The Particle-Interactive Thompson sampling (\pi-TS) uses distribution optimization techniques to approximate the posterior distribution in Thompson sampling, solved via Wasserstein gradient flows. Our approach is scalable and does not make explicit distribution assumptions on posterior approximations. This repository contains source code to reproduce the results presented in the paper Scalable Thompson Sampling via Optimal Transport (AISTATS 2019):
@inproceedings{Zhang_pi_TS,
title={Scalable Thompson Sampling via Optimal Transport},
author={Ruiyi Zhang, Zheng Wen, Changyou Chen, Chen Fang, Tong Yu, Lawrence Carin},
booktitle={AISTATS},
year={2019}
}
We provides the codes of proposed methods and produicing figures:
This code is based on Python 2.7, with the main dependencies being TensorFlow==1.5.0 and Theano==0.9.0
Download the required datasets with the following cmd:
python prepare_data.py
Train the model on the data.
source $dataset$.sh
Training log is printed as below:
Initializing model BBB-bnn.
Initializing model NeuralLinear-bnn.
Initializing model DGF-bnn.
Successfully initialized the models!
Initializing model BootRMS-0-bnn.
Initializing model BootRMS-1-bnn.
Initializing model BootRMS-2-bnn.
Training SVGD-bnn for 100 steps...
Training BBB-bnn for 100 steps...
Training NeuralLinear-bnn for 100 steps...
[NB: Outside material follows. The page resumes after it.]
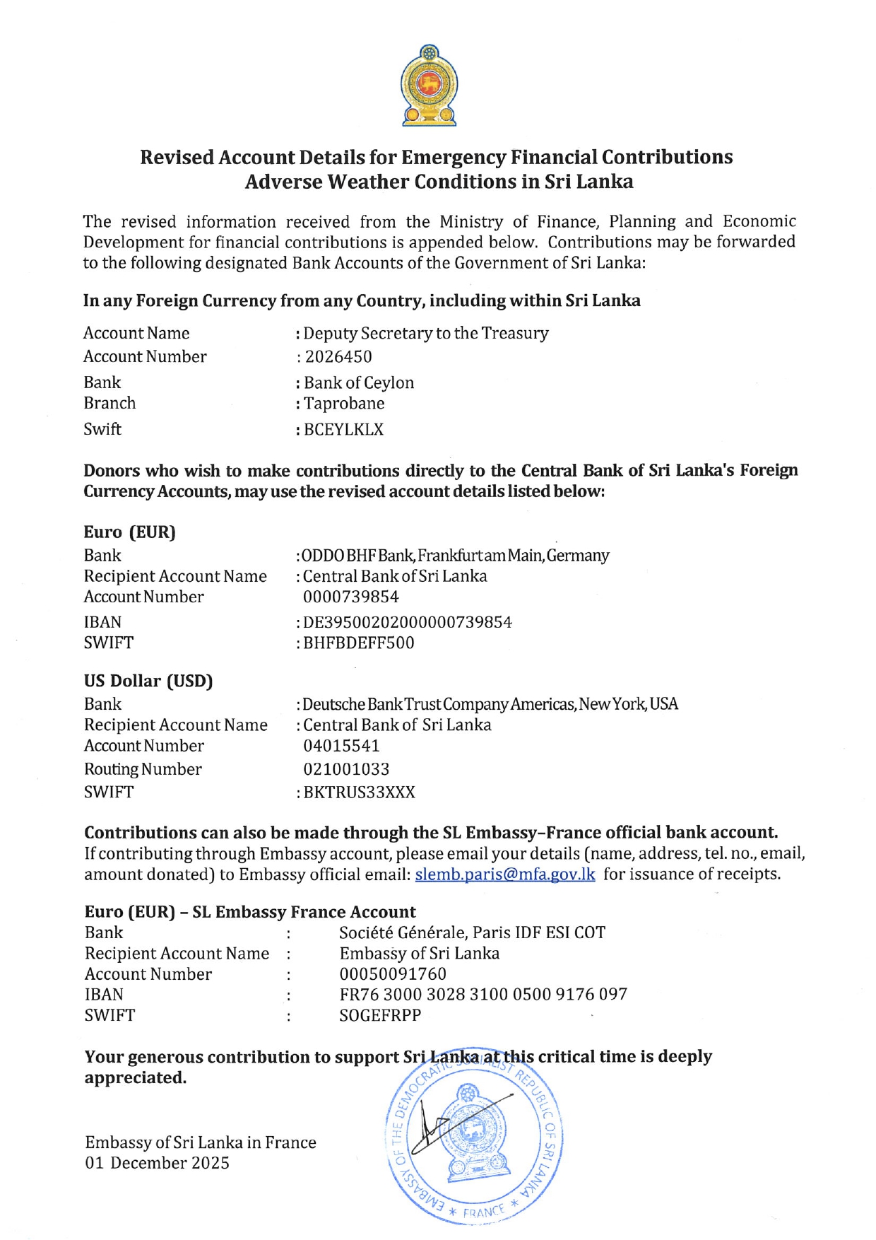 The Embassy of Sri Lanka in France kindly appeals for urgently required emergency response items in support of Sri Lan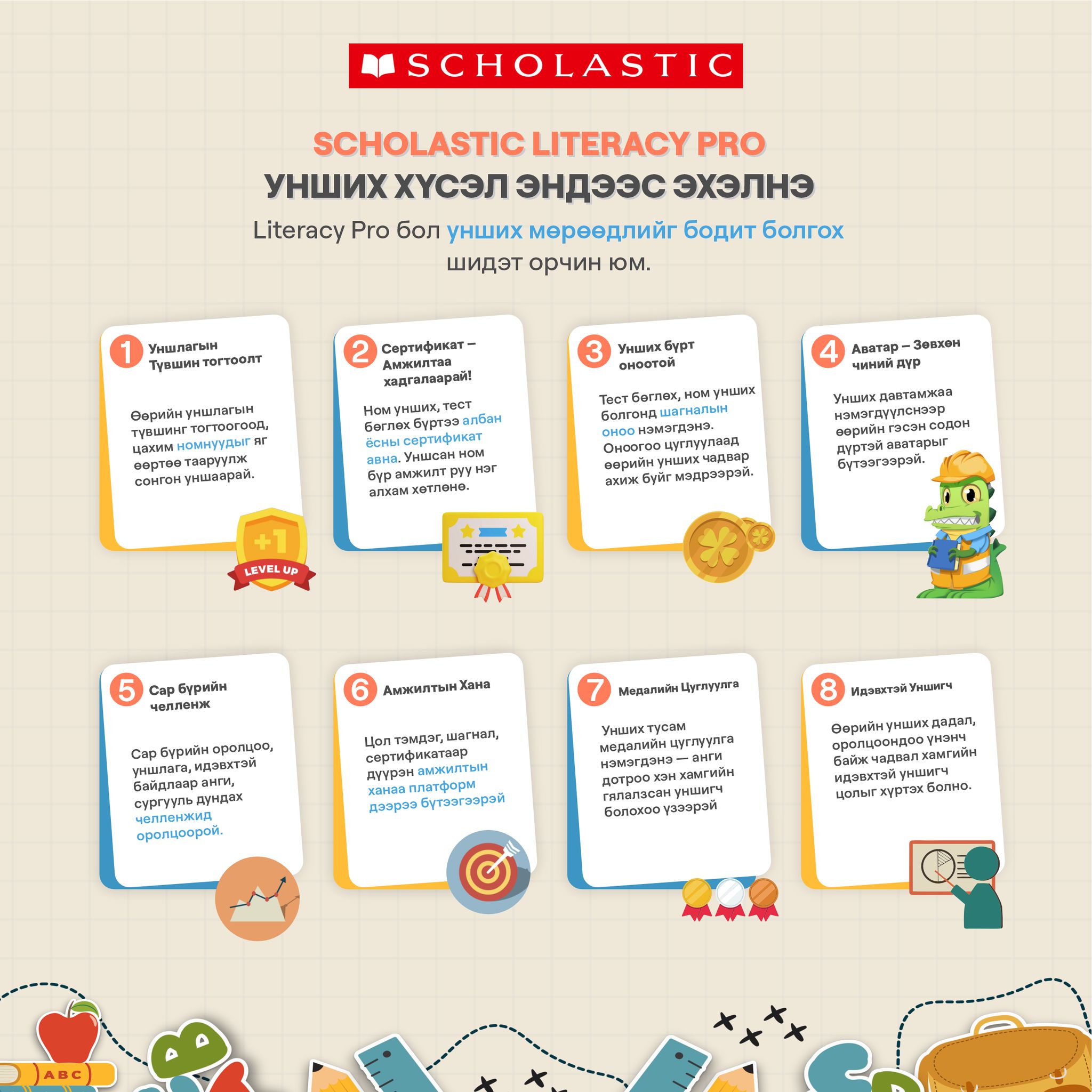 Үгийн баялаг, дүрмийн мэдлэг, хэлний чадвараа сонирхолтой, адал явдалтай аргаар ахиулах боломжтой, 3,000 гаруй цахим номтой Scholastic Literacy Pro платформыг сонгон уншаарай.

Training DGF-bnn for 100 steps...
Training BootRMS-0-bnn for 100 steps...
Training BootRMS-1-bnn for 100 steps...
Training BootRMS-2-bnn for 100 steps...
...
The results will be saved in a *.npz file, and the figures are based on these files.
This implementation is based on Deep Bayesian bandits library. We thank Riquelme et al. for making their code public.